5. Diversidade com meritocracia: diversidade é essencial para qualquer empresa prosperar, isso já nem deveria ser questionado. Mas depois que uma empresa conquista um quadro de colaboradores realmente diverso, ela não pode esquecer de exercer a meritocracia interna, pois um dos principais gatilhos de insatisfação do colaborador é achar que aquele ambiente é “injusto”. Processos de avaliação e feedback, com regras claras e tangíveis, ajuda muito a tangibilizar a meritocracia e evitar avaliações enviesadas entre pessoas e times.

6. Diversão: por fim, não adianta ter todos os itens acima, sem um pouco de diversão. Ela tem o poder de potencializar a produtividade da empresa, já que estimula os vínculos emocionais e a fidelidade dos colaboradores — afinal, faz com que as pessoas trabalhem mais felizes. Isso não significa que você precisa fazer happy hours toda semana, mas pelo menos busque ações que promovam descontração, e que tragam leveza para o ambiente,

Quais outros benefícios a cultura organizacional pode trazer ao mundo corporativo?

Thais: Vejo a cultura das empresas como um pilar tão importante quanto o marketing, o produto ou qualquer outra área.

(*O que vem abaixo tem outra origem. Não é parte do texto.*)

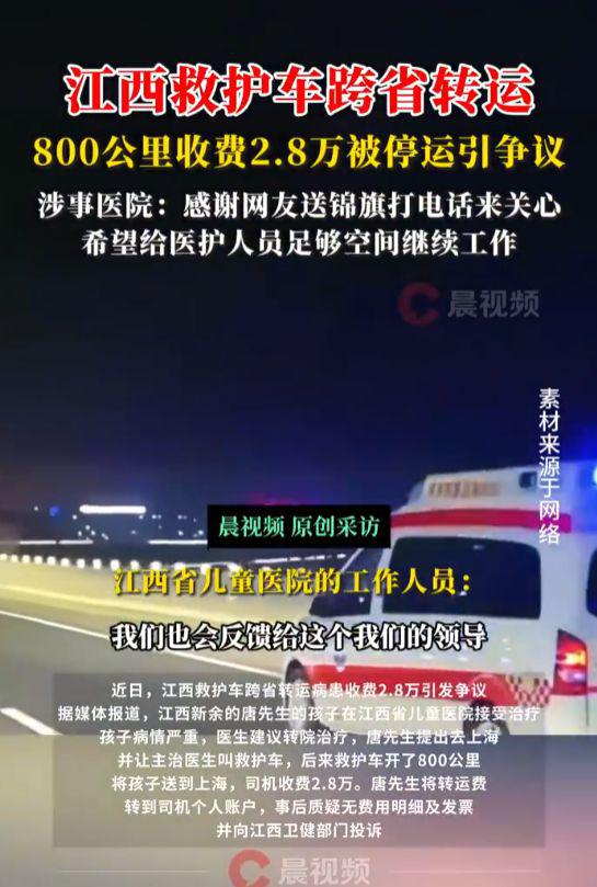 最近,江西省救护车跨省转运病人收费 2.8 一切都引起了争议。据媒体报道,江西新余唐先生的孩子在江西省儿童医院接受治疗。孩子病情严重,医生建议转院治疗。唐先生提出去上海,让主治医生叫救护车,然后救护车开了。 800 把孩子送到上海公里,司机收费。 2.8 万。唐先生将转运费转入司机个人账户,后来质疑无费用明细及发票,并向江西卫健部门投诉。6 月 18 日,江西省卫生健康委对此事发布通知。江西省儿童医院没有符合跨省转运要求的救护车。在诊疗医生联系赣医院救护车后,医院派出了两名医护人员护送车辆,并携带使用。 ECMO(体外膜肺氧合)及其他相关抢救设备和药物。经调查发现,方南昌赣医院所有救护车收费不合理等问题,已责令其退还不合理收费,并暂停医疗转运服务。下一步将进一步检查此事。这个问题引起了争议,有网友支持医院和医护人员的做法,认为是“限制抢救生命的突破程序”。6 月 23 日日,潇湘晨报记者联系南昌市 12345 体现了网友的意见,工作人员表示已经收到了几次体现,已经交给了相关职能部门。

Recrutar uma pessoa é muito caro e até ela começar a gerar valor real para a empresa e deixar de ser um custo, demora alguns bons meses. Uma cultura bem estruturada acelera a geração de valor individual e potencializa o resultado como um todo, trazendo mais eficiência para o negócio. Além dos benefícios financeiros a longo prazo, a cultura tem o papel de grande chamariz para que pessoas queiram de fato trabalhar naquela empresa. Como a mão de obra especializada está cada vez mais cara e escassa, principalmente em áreas de tecnologia e inovação, sem uma boa cultura sua empresa vai certamente ficar para trás na atratividade. Por fim, uma cultura bem estruturada e comunicada tira um grande peso dos ombros da liderança da empresa, principalmente quando ela ainda é pequena. Afinal, tendo bons pilares culturais, não fica apenas sob a responsabilidade dos líderes garantir que a empresa está tomando o rumo desejado (afinal, todos ali sabem o que devem fazer, e como).